Fire/EMS Response to Civil Unrest Events

If there were a violent protest or civil unrest event in your community how would you respond?

If there were a violent protest or civil unrest event in your community how would you respond? Could you deal with numerous medical and fire calls during the event?

The 1st Amendment guarantees the people the right to peaceable assembly and to petition their government to address grievances. On occasion that line is crossed and public safety becomes a concern. The International Association of Chiefs of Police (IACP) defines a Civil Disturbance: An unlawful assembly that constitutes a breach of the peace or any assembly of persons where there is danger of collective violence, destruction of property or other unlawful acts.

Each year across the United States there are several acts of Civil Unrest that take place. Fire/EMS responders will encounter many challenges during their careers, some of which will include civil disorders, riots or protest situations. Annually firefighters and paramedics have been injured during these situations. As our society become more complex and gives rise to many intricate problems, first responders must gain a knowledge and understanding to solve these issues. Would your agency be able to effectively respond to a civil unrest event?

Civil unrest events can occur for a variety of reasons and are not just limited to large urban areas. These events can occur in several situations: peaceful demonstrations/protests that turn confrontational, violence related to major sporting events, concerts and "block party" parties that turn violent, planned political conventions that are disrupted because of activists, confrontations at "hot spots" such as abortion clinics or research labs and riots related to racial tensions.

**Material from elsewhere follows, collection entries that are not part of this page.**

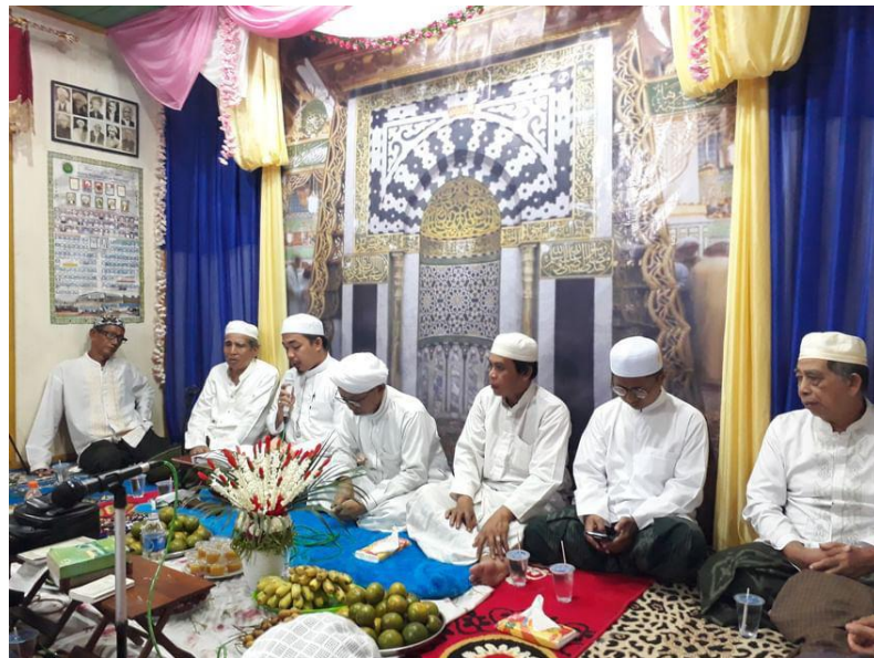
Kegiatan Rutin Maulid Al-Habsyi – Kamis, 7 September 2023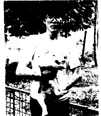
封面：養豬人家

HARVEST Farm Magazine P.O.BOX 29 Taipei, Taiwan Republic of China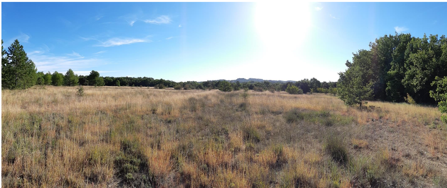
Figure 3 : Prise de vue rapprochée n°1

Prise de vue rapprochée n° 1 (prise de vue 03/10/2018) : vue depuis l'angle Nord-Ouest de la parcelle n°15.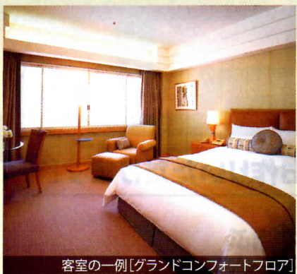
客室の一例 [グランドコンフォートフロア]

日本の伝統美を受け継ぐ静謐なたたずまいと上質なくつろぎの空間。 世界の賓客をもてなす「真のホスピタリティ」をご提供します。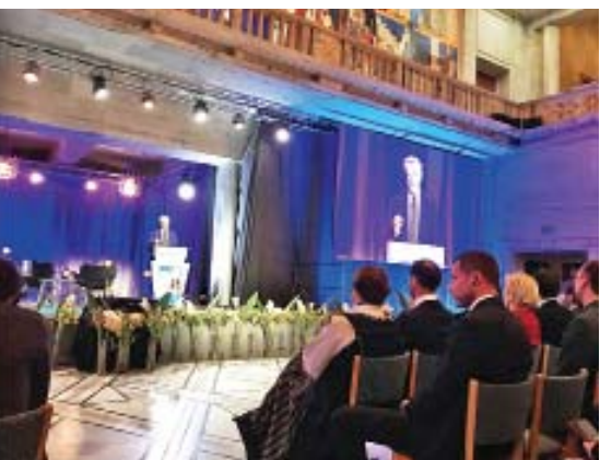
အတူ ဘယ်လ်ဂျီယံနိုင်ငံ၏ Princess Astrid of Belgium၊ ဂျော်ဒန်နိုင်ငံမှ Prince Mired Bin Raad Bin Zeid Al-Husseini UNHCR မဟာမင်းကြီး၊ ICRC၊ UNICEF အစရှိသည့် အဖွဲ့အစည်းများမှ ခေါင်းဆောင်များနှင့် နိုင်ငံ ပေါင်း ၁၆၀ ကျော်မှ ကိုယ်စားလှယ်များ တက်ရောက်ခဲ့ကြသည်။

ထားရေးနှင့် IDP စခန်းများ ပိတ်သိမ်းရေး အတွက် အမျိုးသားအဆင့် မဟာဗျူဟာကို မကြာသေးမီက မိတ်ဆက်ခဲ့ပြီးနောက် အချို့ သောနေရာများတွင် ပြန်လည်နေရာချထားရေး လုပ်ငန်းများစတင်ရန် ကြိုးပမ်းနေကြောင်း၊ ထိုသို့ဆောင်ရွက်ရာတွင် မိုင်းအန္တရာယ် အသိ ပညာပေးခြင်း၊ လူသားချင်းစာနာထောက်ထား မှုကိုအခြေခံသည့် မိုင်းရှင်းလင်းရေးဆောင်ရွက် ခြင်းတို့မှာ အရေးပါကြောင်းနှင့် မိုင်းအန္တရာယ် နှင့်ပတ်သက်၍ မြန်မာနိုင်ငံက ကြိုးပမ်းဆောင် ရွက်နေမှုများ၊ ရခိုင်ပြည်နယ်နှင့် ပတ်သက်၍ နောက်ဆုံးအခြေအနေများ၊ အာဆီယံနိုင်ငံများ၊ ကုလသမဂ္ဂအဖွဲ့အစည်းများ၊ နိုင်ငံတကာအဖွဲ့ အစည်းများနှင့် ပူးပေါင်းဆောင်ရွက်နေမှုများ၊ UEHRD ၏ ဆောင်ရွက်ချက်များနှင့် ရခိုင် ပြည်နယ်ဆိုင်ရာ အကြံပြုချက်များအပေါ် အကောင်အထည်ဖော် ဆောင်ရွက်နေမှုများနှင့် International Court of Justice (ICJ)နှင့် ပတ်သက်၍ တုံ့ပြန်ဆောင်ရွက်ရန် မြန်မာနိုင်ငံ က စီစဉ်ဆောင်ရွက်နေမှုများကို ရှင်းလင်းပြော ကြားခဲ့ရာ နော်ဝေနိုင်ငံခြားရေးဝန်ကြီးက မြန်မာနိုင်ငံ၏ ဒီမိုကရေစီပြုပြင်ပြောင်းလဲရေး နှင့် ငြိမ်းချမ်းရေးလုပ်ငန်းစဉ်များ၊ ဖွံ့ဖြိုး တိုးတက်ရေးလုပ်ငန်းစဉ်များနှင့် မိုင်းအန္တရာယ် ဆိုင်ရာ ကြိုးပမ်းမှုများတွင် ဆက်လက်ပူးပေါင်း ဆောင်ရွက်သွားမည်ဖြစ်ကြောင်း ပြောကြား သည်။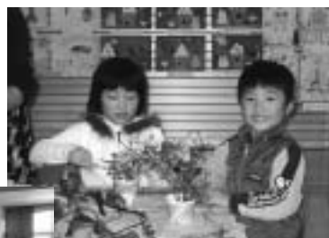
▲ 生け花体験コーナー

Does your department have guidelines/procedures on dealing with civil unrest events? The National Fire Protection Association (NFPA) 1500 states in section 6-7: Civil Unrest/Terrorism: "Fire Department shall develop and maintain written guidelines that establish a standardized approach to the safety of members at incidents that involve violence, unrest or civil disturbances. Such situations shall include but not be limited to riots, fights, violent crimes, drug related situations, family disturbances, deranged individuals, and people with fire department operations."

In planning for civil unrest events it is important to review an example of disturbances that have occurred in the recent past:

  • May 31, 2004 - Miami, Florida
    Authorities reponded to the scene and arrested some partygoers in Miami, Florida, after a riot broke out at a hip-hop festival. Included fighting and vandalism.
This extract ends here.